Investigasi baru yang dilakukan Amnesty International menemukan bahwa Joint Direct Attack Munitions (JDAM) buatan AS digunakan oleh militer Zionis Israel dalam dua serangan udara mematikan dan melanggar hukum terhadap rumah-rumah yang dipenuhi warga sipil di Jalur Gaza yang diduduki. pic.twitter.com/l8Q79JVskm
— Amnesty International (@amnesty) 5 Desember 2023
Pecahan logam senjata tersebut menunjukkan bahwa senjata tersebut diproduksi di AS pada tahun 2017 dan 2018.
“Kedua serangan itu menewaskan total 43 warga sipil.
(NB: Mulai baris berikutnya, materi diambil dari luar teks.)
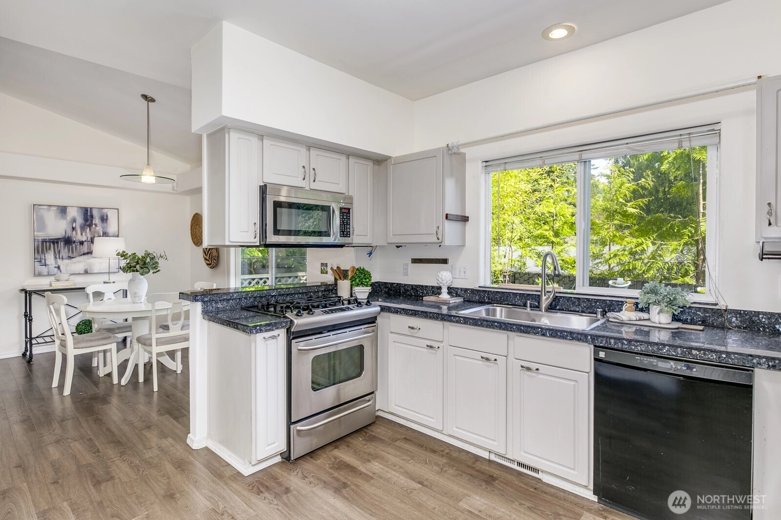 Welcome to this beautifully maintained 3-bedroom, 2 & 1/2 - bath townhouse with over 1,400 sf of comfortable living. Ideally located less than a mile from the Lynnwood Light Rail Station, this home provides the perfect blend of convenience and comfort. Inside, find an open floor plan with generous living spaces & thoughtful updates throughout. A functional kitchen features granite tile countertops & SS appliances, flowing seamlessly into the dining & living areas. Upstairs, enjoy the secluded primary bedroom with ensuite & walk-in closet, two additional bedrooms, full bathroom, and laundry. Step outside to a fenced patio with space for gardening & outdoor entertaining. Attached 2-car garage offers secure parking. Edmonds School District.

Dalam kedua kasus tersebut, para penyintas mengatakan tidak ada peringatan akan terjadinya serangan,” kata badan pengawas tersebut lebih lanjut.
Di situs tersebut, Amnesty International merinci informasi lebih lanjut dan menyerukan penghentian segera pengiriman persenjataan AS ke Zionis “Israel”. Mereka juga menyerukan penyelidikan atas kejahatan perang Zionis Israel karena terus-menerus menargetkan warga sipil.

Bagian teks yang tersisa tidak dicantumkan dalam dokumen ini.